Sandor Himmelstein, a Chicago attorney who represents Herzog in his custody case. A short man, stooped because of a war wound in his chest, he has a proud, sharp, handsome face; a prominent nose; thin gray hair; and sallow skin. A tough negotiator with a confrontational manner, he gives his client blunt advice.
Willie (Will) Herzog
Willie (Will) Herzog, Herzog’s successful, conventional elder brother. He provides bail when Herzog is arrested on a weapons charge and gives sympathetic but unaccepted advice that Herzog spend a few weeks in a mental hospital for rest.
Sono Oguki, Herzog’s tenderhearted and compliant Japanese mistress after his breakup with his first wife. She has black eyes and a small mouth. She brings him the comforts of excellent cooking, fine music, and luxurious baths. Never having learned English, she converses with him in French.
Lucas (Luke) Asphalter
Lucas (Luke) Asphalter, an old Chicago friend of Herzog. He is a zoologist at the University of Chicago who never completed his doctorate. Nearly bald, he has heavy arched eyebrows and wears crepe-soled shoes. His attempt to revive his pet monkey, Rocco, with mouth-to-mouth resuscitation alarmed Herzog, because the monkey had tuberculosis.
Last Updated on May 6, 2015, by eNotes Editorial. Word Count: 436
In this most subjective of Bellow's novels, all of the other characters exist in relation to Herzog. They are presented through his vision; they act upon him. Madeleine P. Herzog is the quintessential "American Bitch." Beautiful, dramatic, domineering, she almost destroys Moses. She fascinates him and everyone else she comes near. She dramatizes her life until she creates a genuine passion within herself. She draws others into the excitement. Madeleine is both a creator and a victim of the noise and distractions of the modern world. Ceaselessly turning from religion to marriage to education to music and cards, she cannot find a point of rest. At the end, she provides a striking contrast to the contented Moses.
Valentine Gersbach is her lover and male counterpart. He too deceives and almost destroys Moses, his best friend. But he is also Moses's counterpart, his secret sharer, the dark side of Moses's character. He too loves Madeleine. He too deals in culture and ideas. He too strives to communicate his thoughts. But in his loud exhibitionism, he becomes a parody of the genuine intellectual, a popular peddler of profundities.
Moses refers to Madeleine and Gersbach as "Reality-Instructors," a term he also uses to describe his two lawyer friends, Simkin and Himmelstein. They also plan to teach Herzog, the ivory tower intellectual, what's what — "the Truth." To them, the True is always the hard, the mean, the nasty. What else can be true to these representatives of tough, materialistic, business America?

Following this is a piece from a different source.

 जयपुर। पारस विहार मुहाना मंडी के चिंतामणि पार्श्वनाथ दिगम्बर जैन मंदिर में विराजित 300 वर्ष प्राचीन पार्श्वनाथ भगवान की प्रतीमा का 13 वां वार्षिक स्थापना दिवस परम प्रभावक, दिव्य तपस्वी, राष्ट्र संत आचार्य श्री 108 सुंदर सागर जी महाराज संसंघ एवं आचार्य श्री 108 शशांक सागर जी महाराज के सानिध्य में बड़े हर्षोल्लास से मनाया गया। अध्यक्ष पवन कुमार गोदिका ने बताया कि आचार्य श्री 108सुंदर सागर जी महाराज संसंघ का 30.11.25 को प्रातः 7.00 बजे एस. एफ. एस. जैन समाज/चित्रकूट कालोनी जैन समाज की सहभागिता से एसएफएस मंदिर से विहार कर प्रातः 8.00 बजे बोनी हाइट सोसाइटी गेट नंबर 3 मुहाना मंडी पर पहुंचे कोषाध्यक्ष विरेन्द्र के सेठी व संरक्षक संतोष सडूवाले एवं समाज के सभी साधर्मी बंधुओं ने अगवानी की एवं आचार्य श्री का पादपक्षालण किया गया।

To them, Herzog's beliefs are curiously archaic. As Himmelstein says to the intellectual Herzog, "You don't know anything .... You don't know what goes on." Later, Madeleine says "between her teeth" to Herzog, "I'll teach you, don't worry!"
The nicest reality-instructor is the lovely Ramona, Herzog's current lady love. Genuinely sympathetic and wishing to be helpful, she lectures Herzog on the restorative powers of sexuality. She also provides effective demonstrations. Nevertheless, to Herzog, she too represents a threat: a temptation to fall into the realm of sensuality and to give up the world of intellect and spirit.

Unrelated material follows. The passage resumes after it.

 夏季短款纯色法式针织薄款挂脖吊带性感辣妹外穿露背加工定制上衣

Thus, all of the characters circle back to the protagonist. They exist largely to provoke, frustrate, and illuminate him. Herzog himself is a fully rounded character, one of the most intensely and intimately realized in all of contemporary fiction. The reader shares his deepest feelings and thoughts. Although Herzog is a very particularized individual and an outsider in several respects — a Jew, an intellectual — he also becomes a representative figure, a good man searching for meaning in a hostile world. The reader understands Herzog so well that he sympathizes, perhaps identifies, with him.